··· PROVIDED INFORMATION ···

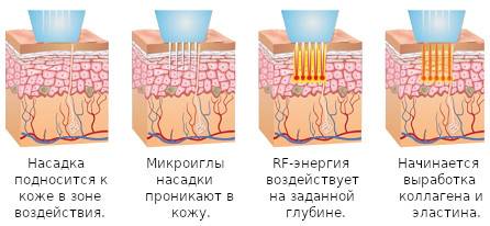 Эта процедура работает путем доставки радиочастотного слоя вглубь кожи с использованием уникальных неизолированных игл и технологии фракционного импульсного режима. Проще говоря, действие микроигл стимулирует выработку собственного коллагена кожи, для устранения шрамов и морщин, а так же уплотнения и улучшения качества кожи.
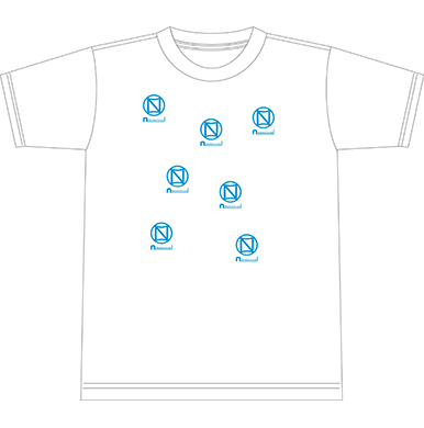 小さめのN-Aboロゴが7個プリントされたTシャツです。白地にライトブルーのロゴを配置したバリエーションになります。
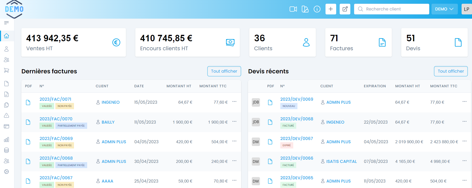 - CRM intégré pour la gestion des clients, contacts et devis
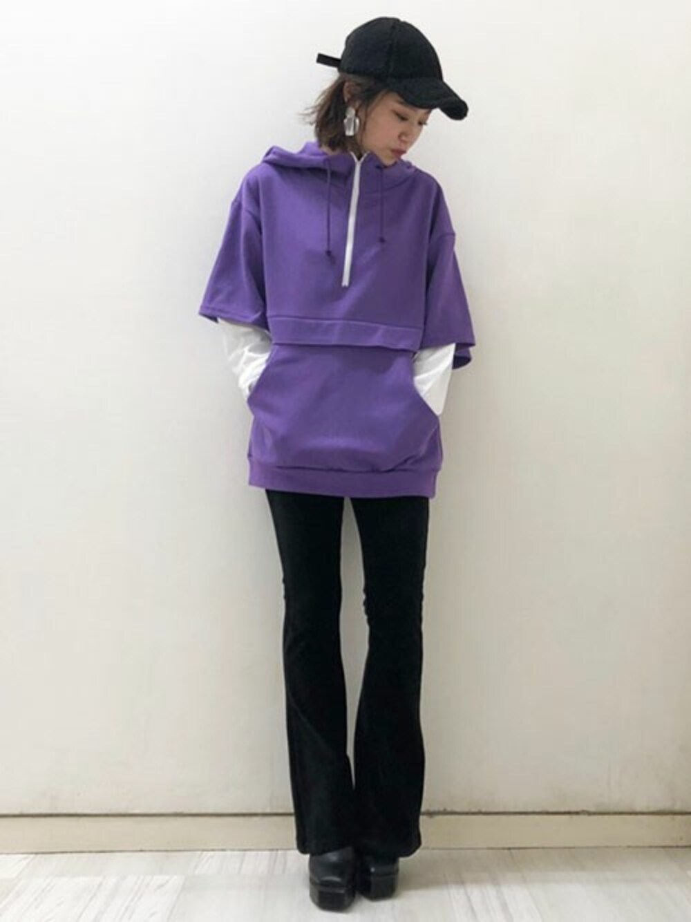 スポーティな印象のパーカーもベロアのパンツで大人のカジュアルスタイリング。
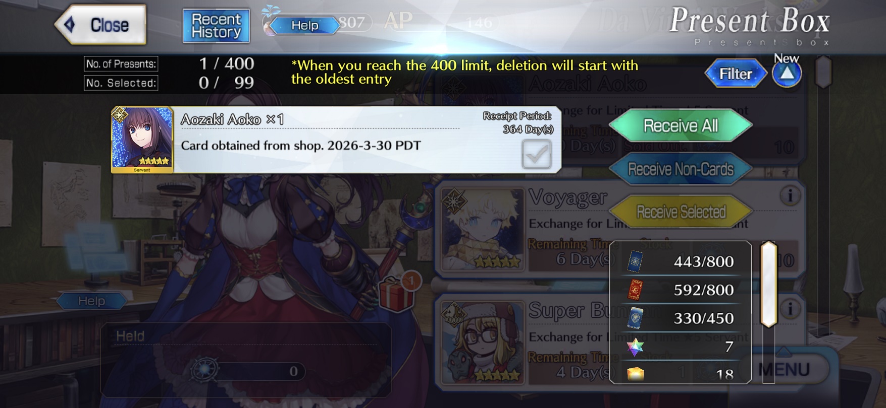 >400 sq gone >No aoko I don't know why I save when I never get things I like
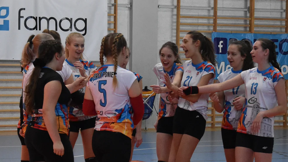 Młode siatkarki Piasta Poniec swój ostatni mecz rozegrały w niedzielne południe. Rywalkami w walce o dziewiąte miejsce był MKS Trzcianka. Pojedynek od początku układ się po myśli zawodniczek Łukasza Kubeczki. W pierwszych dwóch partiach gospodynie wygrały do 17 i 15. Trzeci set padł łupem przyjezdnych. Ostatnia partia była najbardziej zacięta. Piast zwyciężył 25 : 23.
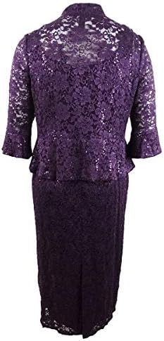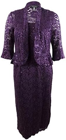 Two piece collarless open front ruffled hem lace jacket with allover sequined lace and a sheath dress that falls to an ultra flattering midi length
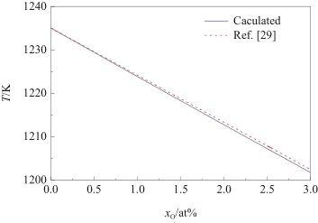 根據(jù)式(23)計(jì)算了Ag-O系的液相線,結(jié)果如圖2所示。從圖中可以觀察到,理想溶體近似模型的計(jì)算值與實(shí)驗(yàn)相圖[29]非常吻合。因此,可以將Ag-O系視為理想溶體。
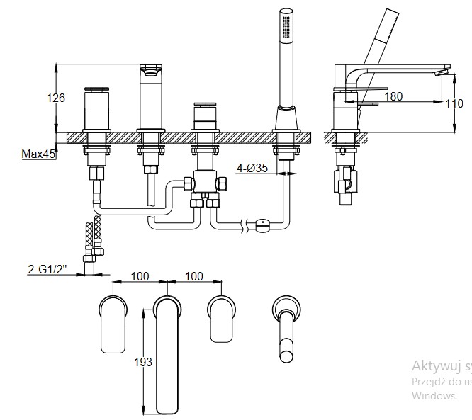 KOHLMAN Wexpo Bateria wannowa 4-otworowa chrom QB244W
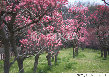 早春の梅林の中のピンク色の梅の花 大阪府堺市の荒山公園

···

§ TASK DIRECTIONS
Please copy, exactly as written, the lines from the one that contains "Młode siatkarki Piasta" through the end of the records, both ends included. Do not include the pictures.

§ TASK ANSWER
 Młode siatkarki Piasta Poniec swój ostatni mecz rozegrały w niedzielne południe. Rywalkami w walce o dziewiąte miejsce był MKS Trzcianka. Pojedynek od początku układ się po myśli zawodniczek Łukasza Kubeczki. W pierwszych dwóch partiach gospodynie wygrały do 17 i 15. Trzeci set padł łupem przyjezdnych. Ostatnia partia była najbardziej zacięta. Piast zwyciężył 25 : 23.
 Two piece collarless open front ruffled hem lace jacket with allover sequined lace and a sheath dress that falls to an ultra flattering midi length
 根據(jù)式(23)計(jì)算了Ag-O系的液相線,結(jié)果如圖2所示。從圖中可以觀察到,理想溶體近似模型的計(jì)算值與實(shí)驗(yàn)相圖[29]非常吻合。因此,可以將Ag-O系視為理想溶體。
 KOHLMAN Wexpo Bateria wannowa 4-otworowa chrom QB244W
 早春の梅林の中のピンク色の梅の花 大阪府堺市の荒山公園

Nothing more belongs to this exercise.